Donc là, on voit deux fois des algorithmes qui sont utilisés par des gens, pour ne citer personne, pour mettre en avant du contenu qui est problématique.

GK : Alors dans les deux cas, on a des régions, le Donbass, une région ukrainienne dans un contexte de guerre entre la Russie et l’Ukraine, qui va aller pointer des utilisateurs vers un site pro-russe et puis, dans le cas du Xinjiang, là encore, une région où il y a une oppression qui est reconnue du gouvernement central chinois contre des minorités dans ces populations-là, avec du contenu qui n’est pas forcément ce qu’on attend.

La question de l’intentionnalité est intéressante, tu dis, les algorithmes sont utilisés. La question que j’ai envie de poser, c’est peut-être à Marc, c’est est-ce qu’on est dans une intentionnalité des plateformes de mettre ce contenu devant les yeux ou est-ce qu’on peut parler d’accident industriel ?

MF : Moi, je suis plutôt de l’avis de l’accident industriel, c’est ce qu’il y a une bonne manière de formuler. Évidemment, il y a toujours des risques d’ingérence politique au plus haut niveau de ces plateformes où on peut avoir des pressions peut-être de monter certains contenus ou d’en mettre d’autres, mais je pense que l’essentiel de ce qui se passe, c’est l’essentiel des dynamiques, notamment ici, dans le cas de, je pense, de Donbass Insider, c’est en fait l’interaction entre à la fois le design algorithmique qui va maximiser l’engagement et l’utilisation de cet algorithme à la fois par des utilisateurs normaux qui vont potentiellement être attirés par du contenu un peu plus sensationnaliste que d’autres, ça c’est un biais cognitif commun à tout le monde, et aussi des acteurs externes qui vont essayer d’exploiter les failles du système en faisant de l’optimisation de référencement sur Google et ce genre de choses.

Je ne pense pas que Google ait l’intérêt d’aller promouvoir des sites de désinformation pro-Kremlin sur ses résultats de recherche.

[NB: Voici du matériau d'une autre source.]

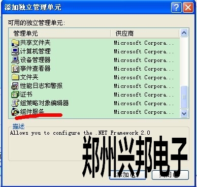 把光標點一下組件服(fú)務(wù),點添加,然後關閉,如下圖

NP : On s’est rendu compte aussi, et ça rejoint un peu ce que tu dis Marc, par rapport aux intérêts effectivement dont on peut se poser la question de pourquoi Google recommanderait du contenu pro-Kremlin, on s’est rendu compte donc qu’il y a beaucoup d’études qui ont été faites sur les recommandations algorithmiques en anglais, sur du contenu en anglais. On s’est rendu compte également qu’il y avait beaucoup de contenus douteux en langue non anglaise, notamment en français, je rappelle qu’on est quand même avec l’Organisation Internationale de la Francophonie, donc c’est une question qui est intéressante.

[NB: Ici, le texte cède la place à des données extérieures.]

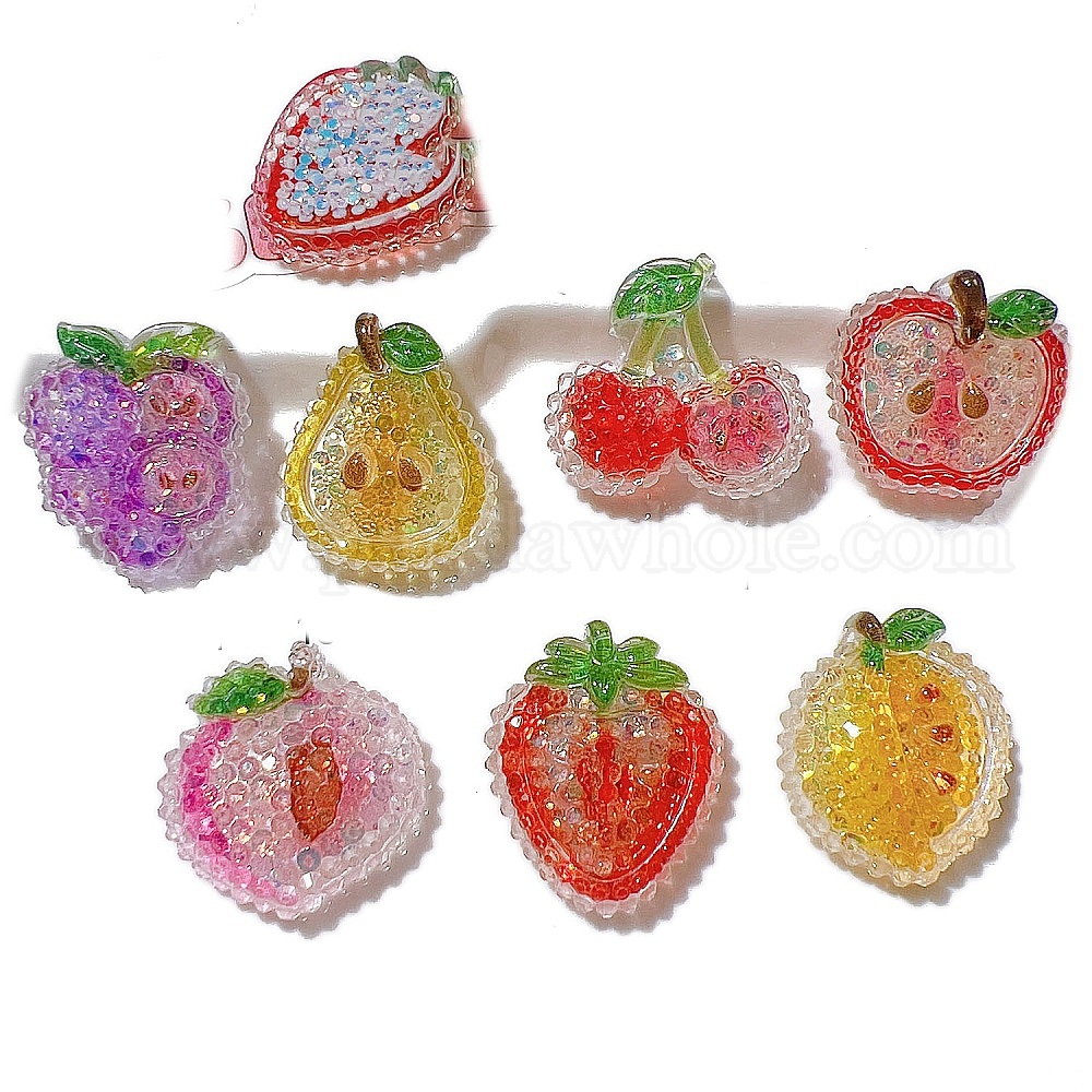 Кабошоны из смолы, с блеском, имитация фруктов, разнообразные (02XTPG)

Comment on impulse des travaux de recherche, des travaux d’audit, des travaux de monitoring, des algorithmes de recommandation de contenu pour les personnes qui ne parlent pas anglais, pour les personnes qui parlent une autre langue, le français par exemple, Lê ? Je ne sais pas si vous voulez prendre cette question.

LNH : Je ne pense pas que le monde francophone soit moins intéressé par ce sujet. Il y a pas mal de travaux, en particulier en Suisse, l’EPFL (L’École Polytechnique Française de Lausanne, ndlr), qui sont assez fondateurs sur ces sujets. Il y a quelques chercheurs français, à l’INRA par exemple, qui sont très préoccupés par ces questions, et je pense qu’à l’inverse, en fait, on a un écosystème francophone, en particulier en Europe, qui peut se targuer d’être plus indépendant des intérêts privés que, par exemple, aux États-Unis, où on sait que les entreprises privées investissent énormément dans la recherche publique. En cela, je pense qu’on a un rôle particulier à jouer pour servir de contre-pouvoir, et surtout pour encourager un système démocratique, une gouvernance démocratique des systèmes d’information les plus influents du monde.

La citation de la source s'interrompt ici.